BEGIN
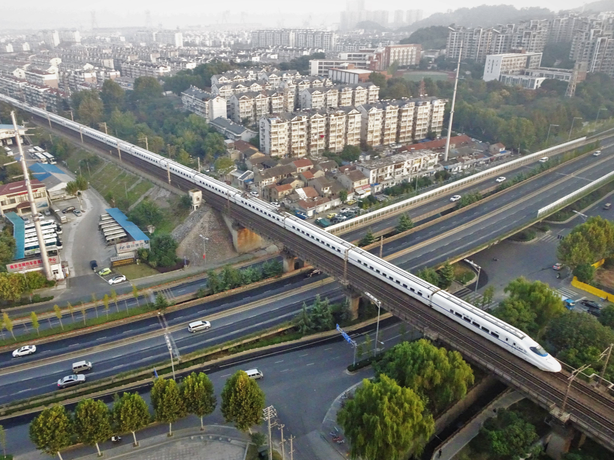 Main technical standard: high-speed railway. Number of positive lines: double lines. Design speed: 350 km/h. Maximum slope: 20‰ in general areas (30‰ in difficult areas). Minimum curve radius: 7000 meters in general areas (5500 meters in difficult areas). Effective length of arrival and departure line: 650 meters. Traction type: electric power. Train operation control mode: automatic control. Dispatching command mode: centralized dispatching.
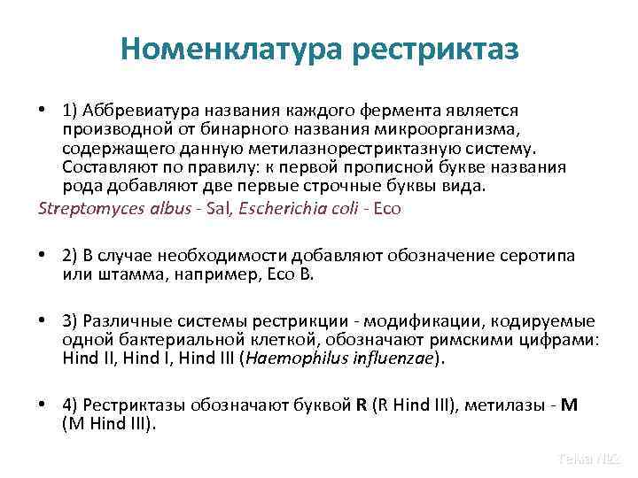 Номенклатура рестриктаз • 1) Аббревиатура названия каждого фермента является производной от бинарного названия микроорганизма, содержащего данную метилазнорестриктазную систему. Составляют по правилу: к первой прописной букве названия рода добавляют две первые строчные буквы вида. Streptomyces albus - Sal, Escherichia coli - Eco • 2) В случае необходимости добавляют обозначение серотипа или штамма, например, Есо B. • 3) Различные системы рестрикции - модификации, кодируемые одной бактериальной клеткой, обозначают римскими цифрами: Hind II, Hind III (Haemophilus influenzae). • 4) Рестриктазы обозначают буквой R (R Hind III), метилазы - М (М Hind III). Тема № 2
END
BEGIN
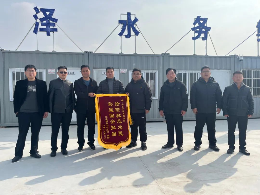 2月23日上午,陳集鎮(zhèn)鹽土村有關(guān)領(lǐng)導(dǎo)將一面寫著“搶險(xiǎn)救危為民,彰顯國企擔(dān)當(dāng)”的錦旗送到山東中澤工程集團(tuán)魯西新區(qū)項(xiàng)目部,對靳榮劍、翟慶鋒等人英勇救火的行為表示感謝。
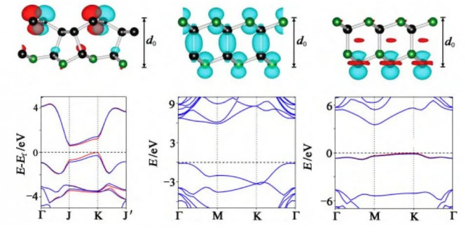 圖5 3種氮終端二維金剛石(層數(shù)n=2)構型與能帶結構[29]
END
[Problem]
From the material above, reproduce only what runs from the line holding "2月23日上午,陳集鎮(zh" down to the line holding "圖5 3種氮終端二維金剛石(層數(shù)n=2)構型與能帶結構[29]", both included, pictures excluded.

[Task response]
 2月23日上午,陳集鎮(zhèn)鹽土村有關(guān)領(lǐng)導(dǎo)將一面寫著“搶險(xiǎn)救危為民,彰顯國企擔(dān)當(dāng)”的錦旗送到山東中澤工程集團(tuán)魯西新區(qū)項(xiàng)目部,對靳榮劍、翟慶鋒等人英勇救火的行為表示感謝。
 圖5 3種氮終端二維金剛石(層數(shù)n=2)構型與能帶結構[29]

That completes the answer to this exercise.